Problem
Word-for-word reproduction, images excluded: copy every entry below.

**** Records for the task

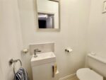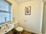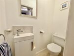 Useful ground floor cloaks having a two piece suite in white consisting of a vanity wash basin with storage and mixer tap and low level WC. There is tiling to splash areas, an extractor fan, a wall mounted radiator and vinyl flooring.
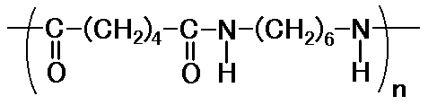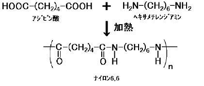 原料は HOOC-(CH2)4-COOH アジピン酸 と、 H2N-(CH2)6-NH2 ヘキサメチレンジアミン で、アミド結合によって縮重合します。
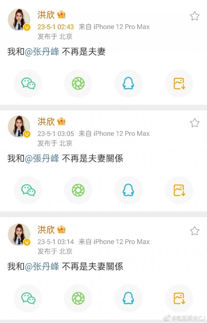 5月1日凌晨,洪欣突然连发三条微博宣布离婚,表示和张丹峰不再是夫妻关系,并且艾特张丹峰本人。
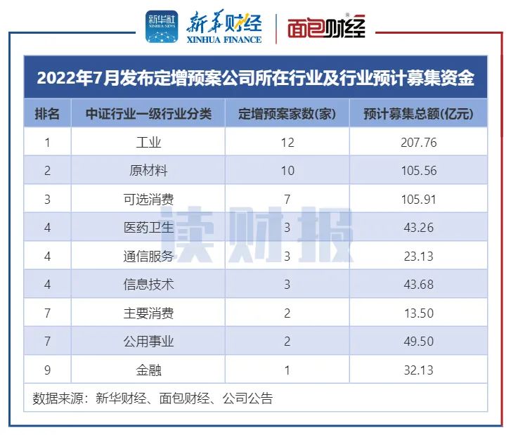 從行業(yè)分布來看,以中證行業(yè)統(tǒng)計(jì),2022年7月,工業(yè)有12家公司發(fā)布定增預(yù)案,數(shù)量排在各行業(yè)之首;原材料行業(yè)排在第二位,有10家公司發(fā)布定增預(yù)案;可選消費(fèi)行業(yè)有7家發(fā)布定增預(yù)案,位列第三位。醫(yī)藥衛(wèi)生、通信服務(wù)和信息技術(shù)行業(yè)均有3家發(fā)布定增預(yù)案。
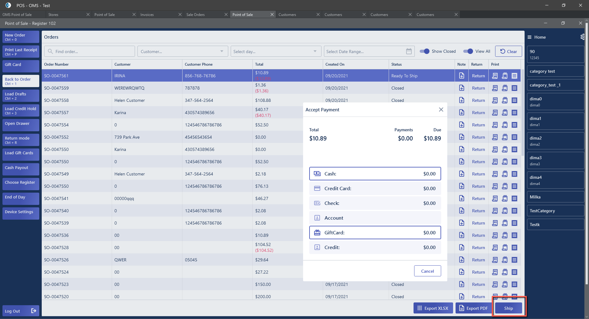 - If selected Order in Ready to Ship status, after click on the Ship button -> displays Accept Payment pop-up;
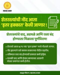 भारतीय कृषी समाजात शेती हा केवळ उपजीविकेचा नव्हे, तर एक जीवनशैलीचा अविभाज्य भाग मानला जातो. याच कृषी संस्कृतीच्या केंद्रस्थानी ‘शेतरस्ता’ हा विषय अत्यंत महत्वाचा असून, शेतीसाठी पोहोचाचा रस्ता असणे ही मूलभूत आवश्यकता आहे. मात्र गेल्या अनेक दशकांपासून पारंपरिक पायवाटा, बैलवाटी आणि नैसर्गिक रस्ते वापरले जात होते. परंतु, सध्याच्या यांत्रिकीकरणाच्या युगात हे मार्ग अपुरे पडत आहेत. अशा पार्श्वभूमीवर महाराष्ट्र शासनाने एक महत्त्वपूर्ण निर्णय घेतला आहे, जो शेतकऱ्यांसाठी वरदान ठरू शकतो शेतरस्त्यांची अधिकृत नोंद-7/12 उताऱ्यावर इतर हक्कांत करण्यात येणार आहे.
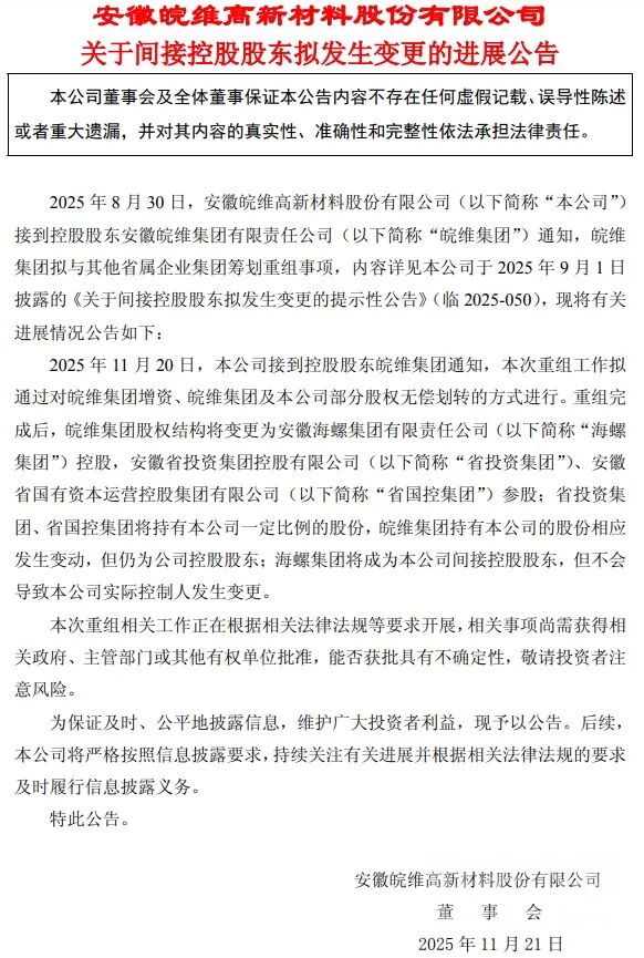 11月21日,皖维高新发布《关于间接控股股东拟发生变更的进展公告》显示,2025年8月30日,公司接到控股股东安徽皖维集团通知,皖维集团拟与其他省属企业集团筹划重组事项。

********

Problem solution
 Useful ground floor cloaks having a two piece suite in white consisting of a vanity wash basin with storage and mixer tap and low level WC. There is tiling to splash areas, an extractor fan, a wall mounted radiator and vinyl flooring.
 原料は HOOC-(CH2)4-COOH アジピン酸 と、 H2N-(CH2)6-NH2 ヘキサメチレンジアミン で、アミド結合によって縮重合します。
 5月1日凌晨,洪欣突然连发三条微博宣布离婚,表示和张丹峰不再是夫妻关系,并且艾特张丹峰本人。
 從行業(yè)分布來看,以中證行業(yè)統(tǒng)計(jì),2022年7月,工業(yè)有12家公司發(fā)布定增預(yù)案,數(shù)量排在各行業(yè)之首;原材料行業(yè)排在第二位,有10家公司發(fā)布定增預(yù)案;可選消費(fèi)行業(yè)有7家發(fā)布定增預(yù)案,位列第三位。醫(yī)藥衛(wèi)生、通信服務(wù)和信息技術(shù)行業(yè)均有3家發(fā)布定增預(yù)案。
 - If selected Order in Ready to Ship status, after click on the Ship button -> displays Accept Payment pop-up;
 भारतीय कृषी समाजात शेती हा केवळ उपजीविकेचा नव्हे, तर एक जीवनशैलीचा अविभाज्य भाग मानला जातो. याच कृषी संस्कृतीच्या केंद्रस्थानी ‘शेतरस्ता’ हा विषय अत्यंत महत्वाचा असून, शेतीसाठी पोहोचाचा रस्ता असणे ही मूलभूत आवश्यकता आहे. मात्र गेल्या अनेक दशकांपासून पारंपरिक पायवाटा, बैलवाटी आणि नैसर्गिक रस्ते वापरले जात होते. परंतु, सध्याच्या यांत्रिकीकरणाच्या युगात हे मार्ग अपुरे पडत आहेत. अशा पार्श्वभूमीवर महाराष्ट्र शासनाने एक महत्त्वपूर्ण निर्णय घेतला आहे, जो शेतकऱ्यांसाठी वरदान ठरू शकतो शेतरस्त्यांची अधिकृत नोंद-7/12 उताऱ्यावर इतर हक्कांत करण्यात येणार आहे.
 11月21日,皖维高新发布《关于间接控股股东拟发生变更的进展公告》显示,2025年8月30日,公司接到控股股东安徽皖维集团通知,皖维集团拟与其他省属企业集团筹划重组事项。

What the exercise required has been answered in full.